Ela sentiu falta de uma instrução maior no ensino médio acerca da escolha profissional. Quando se formou, optou por química porque gostava da matéria na escola. Mas nem sequer pensava em contabilidade. "Não me passava pela cabeça. Se eu tivesse um contato no ensino médio com matérias de administração, contabilidade, economia, quem sabe não teria feito o curso desde o começo?", questionou. Situação que pode se repetir por anos se uma política de conscientização para o mercado de trabalho não ocorrer antes da conclusão do ensino básico.
Orientação
O ex-assessor especial da Organização das Nações Unidas para a Educação, a Ciência e a Cultura (Unesco), professor da UnB e da Universidade Católica de Brasília (UCB) Célio da Cunha acredita que a orientação profissional pode evitar escolhas erradas. "As mudanças de curso são muito comuns. Um trabalho sério sobre as futuras profissões poderia evitar isso", disse. O especialista ressalta ainda que, em alguns países, os alunos ingressam no ensino superior para cursar um ciclo básico comum de estudos e só depois optam pela carreira a seguir. "A universidade tem que estar constantemente preocupada em encontrar caminhos para reduzir a evasão."
Cunha analisa, ainda, que o percentual de 11% é aceitável, mas precisa ser reduzido. "Uma vaga pública em uma universidade é muito cara. É dinheiro jogado fora, quando ela é desperdiçada. O ideal é em torno de 5%, como ocorre em outros países", disse o especialista. Apesar da redução nos últimos anos na UnB, uma média de 25% de evasão preocupa o professor. "É algo a ser examinado. É preciso encontrar as melhores opções para mudar esse número. Seria uma tarefa do Inep pesquisar isso, mas a universidade também pode fazer o trabalho necessário para obter resultados internos", completou.
Até o fim de 2012, as diretorias de curso dentro da UnB saberão quais são os gargalos da evasão de cada graduação e como podem alterar a situação. Uma das possibilidades estudadas pela instituição é ampliar o número de moradias para os estudantes de baixa renda. A Casa do Estudante Universitário (CEU), hoje com capacidade para 600 pessoas, deve ganhar novos prédios e ampliar o atendimento para 2 mil alunos. Além disso, o especialista em educação sugere que uma espécie de professor orientador faça parte da rotina da universidade. "Ele seria responsável por oito ou 10 estudantes. Os ajudaria academicamente e até em problemas externos que pudessem provocar a desistência", exemplificou Cunha.

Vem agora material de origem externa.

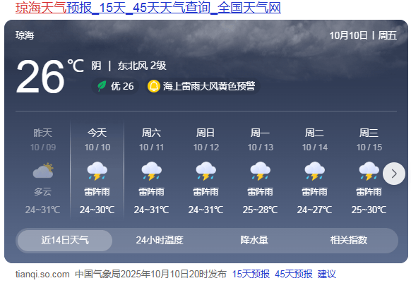 2、琼海天气网为您提供琼海天气预报24小时详情琼海今日天气预报,包括今日实时温度24小时降水概率湿度pm25风向紫外线强度等,助您放。

Aumento As cotas sociais estão previstas na Lei Federal nº 12.711. O documento prevê a reserva de 50% das vagas em instituições federais de ensino para estudantes oriundos de escolas públicas, pretos, pardos, indígenas e de baixa renda em quatro anos. A aplicação é imediata e vale para as próximas seleções, que darão acesso à universidade em 2013. Neste primeiro ano, o percentual mínimo a ser adotado é de 12,5%. Do total de vagas destinadas aos alunos de escolas públicas, metade será reservada aos candidatos oriundos de famílias com renda per capita inferior ou igual a 1,5 salário mínimo.